Data listing ->

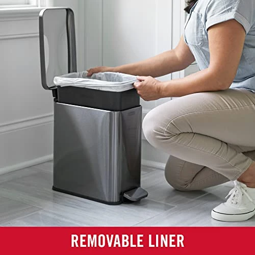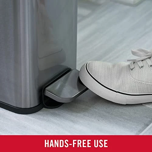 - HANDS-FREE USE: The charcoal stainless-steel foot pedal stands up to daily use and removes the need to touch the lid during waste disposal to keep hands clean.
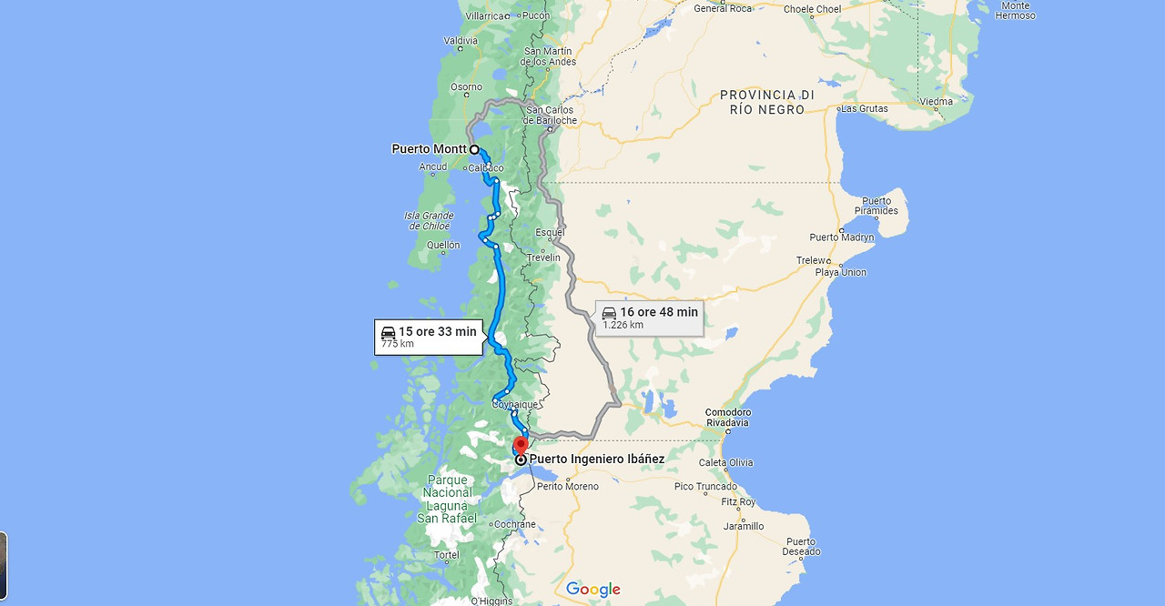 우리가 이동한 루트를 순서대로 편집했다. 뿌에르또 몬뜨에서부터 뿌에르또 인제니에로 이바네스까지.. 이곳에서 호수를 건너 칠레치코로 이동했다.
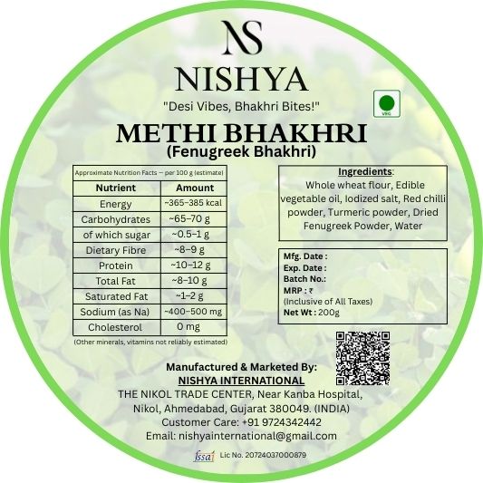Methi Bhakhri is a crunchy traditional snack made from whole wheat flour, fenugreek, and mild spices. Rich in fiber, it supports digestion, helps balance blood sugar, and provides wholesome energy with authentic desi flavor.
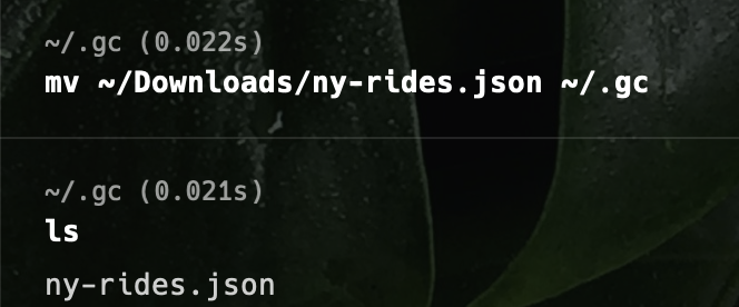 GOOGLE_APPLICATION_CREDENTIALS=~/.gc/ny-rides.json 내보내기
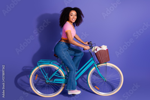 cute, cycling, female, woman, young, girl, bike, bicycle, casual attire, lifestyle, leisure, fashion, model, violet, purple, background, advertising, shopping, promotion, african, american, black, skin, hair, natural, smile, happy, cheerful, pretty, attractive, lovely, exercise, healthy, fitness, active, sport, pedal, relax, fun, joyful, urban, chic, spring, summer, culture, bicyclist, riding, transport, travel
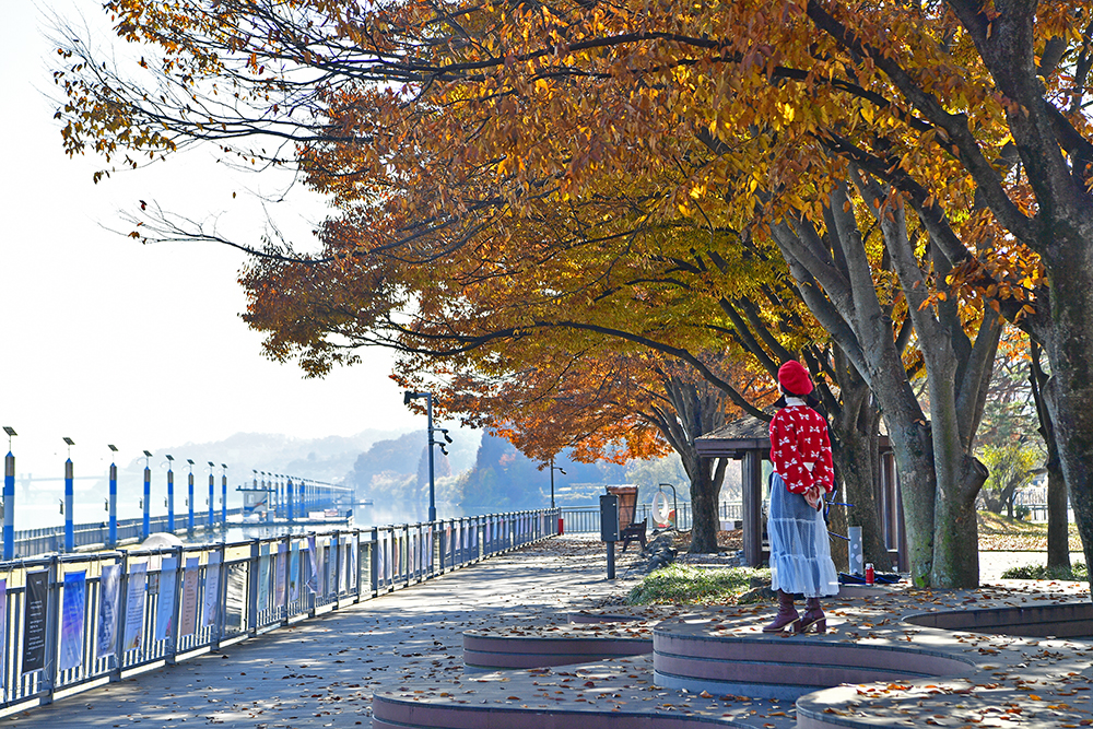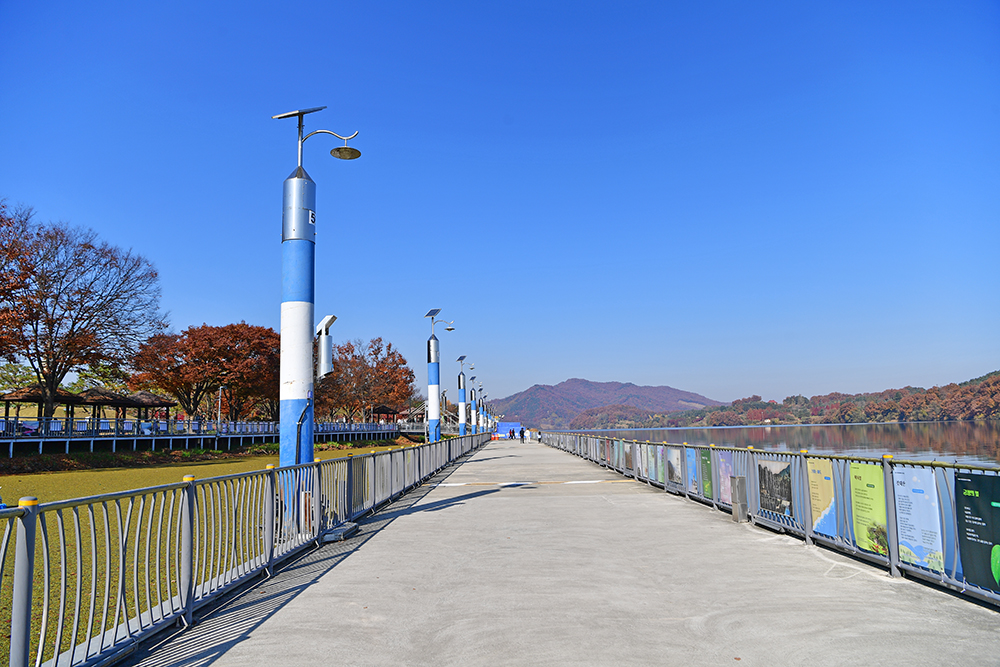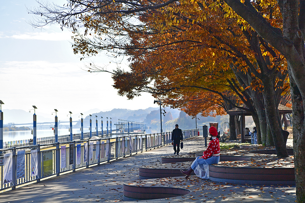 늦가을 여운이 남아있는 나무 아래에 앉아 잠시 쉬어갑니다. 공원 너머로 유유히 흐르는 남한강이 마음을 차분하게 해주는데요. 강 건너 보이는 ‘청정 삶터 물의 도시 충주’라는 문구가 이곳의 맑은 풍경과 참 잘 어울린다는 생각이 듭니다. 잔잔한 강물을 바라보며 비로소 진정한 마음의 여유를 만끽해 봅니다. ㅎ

Required work ->
Without including any picture, print all of the entries above exactly.

Solution to this exercise ->
 - HANDS-FREE USE: The charcoal stainless-steel foot pedal stands up to daily use and removes the need to touch the lid during waste disposal to keep hands clean.
 우리가 이동한 루트를 순서대로 편집했다. 뿌에르또 몬뜨에서부터 뿌에르또 인제니에로 이바네스까지.. 이곳에서 호수를 건너 칠레치코로 이동했다.
Methi Bhakhri is a crunchy traditional snack made from whole wheat flour, fenugreek, and mild spices. Rich in fiber, it supports digestion, helps balance blood sugar, and provides wholesome energy with authentic desi flavor.
 GOOGLE_APPLICATION_CREDENTIALS=~/.gc/ny-rides.json 내보내기
 cute, cycling, female, woman, young, girl, bike, bicycle, casual attire, lifestyle, leisure, fashion, model, violet, purple, background, advertising, shopping, promotion, african, american, black, skin, hair, natural, smile, happy, cheerful, pretty, attractive, lovely, exercise, healthy, fitness, active, sport, pedal, relax, fun, joyful, urban, chic, spring, summer, culture, bicyclist, riding, transport, travel
 늦가을 여운이 남아있는 나무 아래에 앉아 잠시 쉬어갑니다. 공원 너머로 유유히 흐르는 남한강이 마음을 차분하게 해주는데요. 강 건너 보이는 ‘청정 삶터 물의 도시 충주’라는 문구가 이곳의 맑은 풍경과 참 잘 어울린다는 생각이 듭니다. 잔잔한 강물을 바라보며 비로소 진정한 마음의 여유를 만끽해 봅니다. ㅎ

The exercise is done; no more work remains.